Sauf si vous habitez sur une autre planète, vous n'avez pas pu échapper aux manifestations en tous genres qui  commémorent cette année le centenaire du début de la Première Guerre mondiale. Comme le dit une collègue : "Mais quelle idée de célébrer le début de la guerre, il vaudrait mieux fêter la fin !"

A mon avis, on en a bien pour quatre ans à en entendre parler. Déjà il faut voir tous les bouquins récents qui sont sortis sur le thème (romans, mais aussi BD et livres pour la jeunesse). Bref à la bibliothèque où je travaille, on s'est aussi penché sur le sujet et je me suis retrouvée à rédiger une bibliographie sélective . Nous avons décidé, dans un premier temps, de nous limiter à la fiction (romans, films, BD, livres pour enfants, CD ). 

A cette occasion, j'ai dû aussi lire quelques ouvrages. En voici deux qui m'ont particulièrement touchée.

maudite guerre

Maudite soit la guerre est un album pour enfants signé Didier Daeninckx et PEF. Autant dire des pointures.
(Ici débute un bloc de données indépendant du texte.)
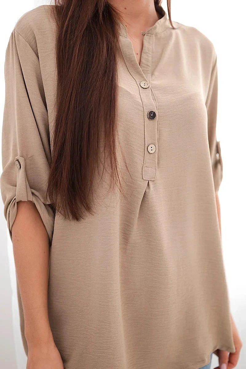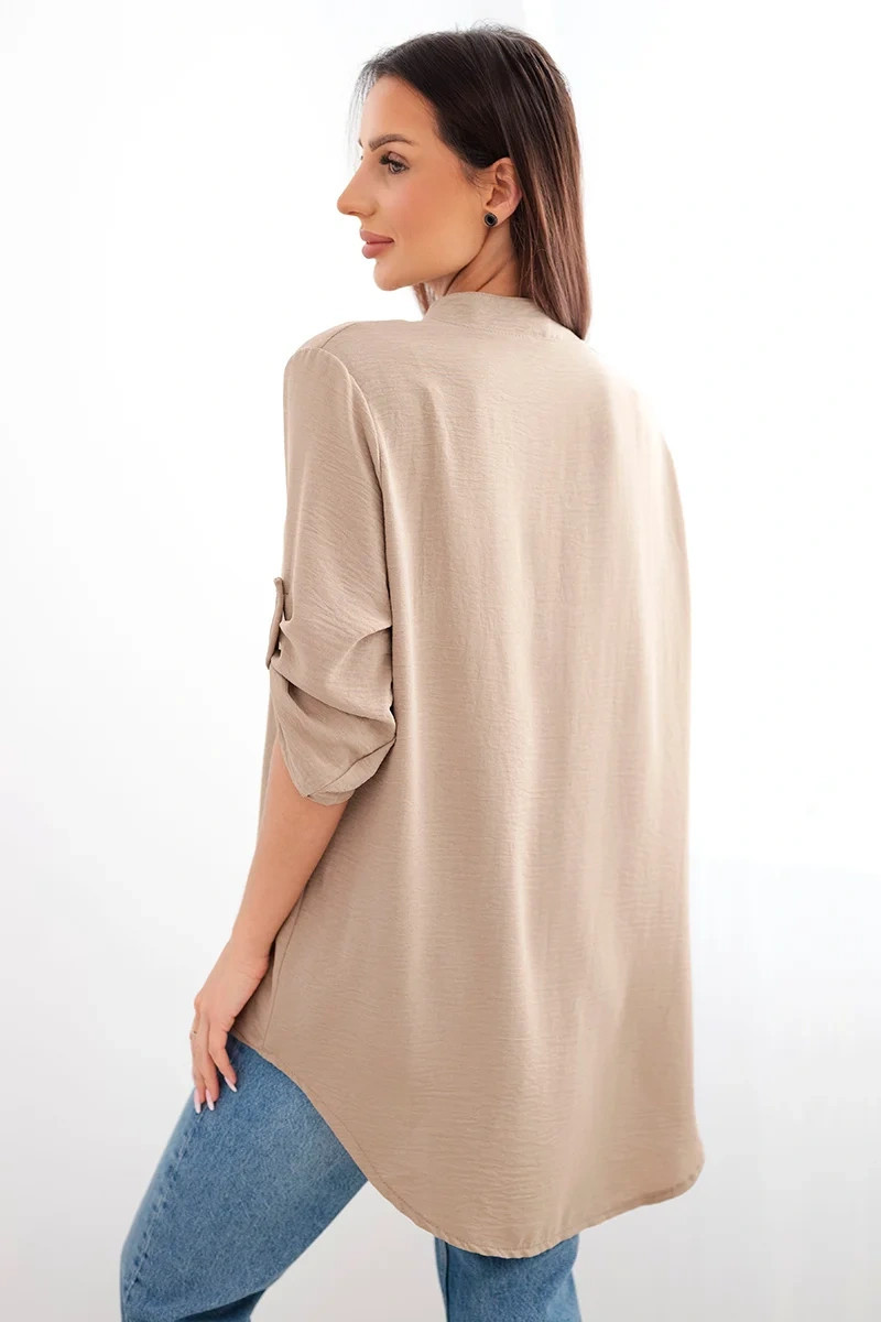 Objevte mimořádnou eleganci a pohodlí v prezentované halence s delšími zády, knoflíkovým výstřihem a ohrnutými rukávy, tato halenka nejen vypadá výjimečně stylově, ale poskytuje také bezkonkurenční funkčnost. Ciťte se sebevědomě a elegantně v halence, která podtrhne váš jedinečný styl. Díky delším zadním dílům vytvoříte jemné a módně nepravidelné proporce a knoflíkový výstřih vám umožní upravit si halenku podle vašich preferencí. Vyhrnuté rukávy dodávají halence lehkost a ležérní charakter, ideální pro různé příležitosti. Ať už se jedná o obchodní jednání nebo relaxační kávu s přáteli, naše halenka vám poskytne pohodlí a styl v jednom. Nenechte si ujít příležitost přidat do svého šatníku tuto jedinečnou halenku! Objevte eleganci, pohodlí a funkčnost v jednom a zdůrazněte svůj jedinečný styl ještě dnes. Velikost je univerzální a bude vhodná pro ženy, které nosí velikost S, M nebo L.

Didier Daeninckx est plus particulièrement connu pour ses romans policiers et les polémiques que suscitent régulièrement ses oeuvres qui dénoncent des événements souvent oubliés ou controversés (négationnisme, massacre des algériens à Paris en 1961, collaboration, désertion, charter de Maliens...).
Son roman policier Le Der de Der est dédié à son grand-père, anarchiste déserteur, fusillé pour l'exemple.

PEF est bien connu des enfants (et des parents) par ses illustrations d'albums, et essentiellement par son personnage Motordu.
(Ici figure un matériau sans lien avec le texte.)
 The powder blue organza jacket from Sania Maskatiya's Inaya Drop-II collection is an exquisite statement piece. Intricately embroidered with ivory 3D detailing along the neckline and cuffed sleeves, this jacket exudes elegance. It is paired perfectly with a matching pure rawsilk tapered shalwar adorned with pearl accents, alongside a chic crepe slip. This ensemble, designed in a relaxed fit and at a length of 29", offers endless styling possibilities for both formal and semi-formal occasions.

L'album est inspiré par le monument aux morts de Gentioux dans la Creuse. 

Si certains monuments aux morts glorifient la guerre et les soldats morts pour leur Patrie, d’autres plus rares sont pacifistes. Ils déplorent la Guerre, comme celui de Gentioux : un orphelin qui de son poing tendu désigne la phrase gravée « Maudite soit la guerre ». Phrase qui revient souvent sur ces monuments. 

Erigé en 1922, l’inauguration officielle fut refusée par la Préfecture et ordre était donné aux soldats qui passaient devant avec leur régiment de détourner la tête.  En 2008 un millier de manifestants se sont retrouvés devant ce monument, pour demander la réhabilitation des soldats fusillés pour l’exemple. Tous les 11 novembre, depuis 1980, des militants pacifistes s'y réunissent et chantent La Chanson de Craonne (qu’on retrouve dans le film Un long dimanche de fiançailles)

Prenant prétexte de l’histoire de cet orphelin, dont la statue figure sur le Monument aux morts, les auteurs présentent aux enfants la vie quotidienne au Front et à l’intérieur, pendant la 1ère Guerre mondiale.

Fulbert Delorge a 11 ans en 1917. Quand l’instituteur propose aux enfants comme sujet de rédaction d’écrire une lettre à leur père qui se bat dans les tranchées. Pour certains enfants, dont le père est tombé au combat, c’est difficile. Fulbert, lui, décide d’aller porter lui-même sa lettre.

Il part très tôt le matin, fait 15 km à pieds jusqu’à la gare, prend le train jusqu’à Paris, d’où il reprend un train pour Soissons. Là, il trouve un militaire qui le prend dans son side-car pour le Chemin des Dames. Fulbert retrouvera son père, se fera copieusement disputer, puis rentrera chez lui.

En fin d’ouvrage, deux pages de documents et de photos (nombre de morts, destructions, pacifisme).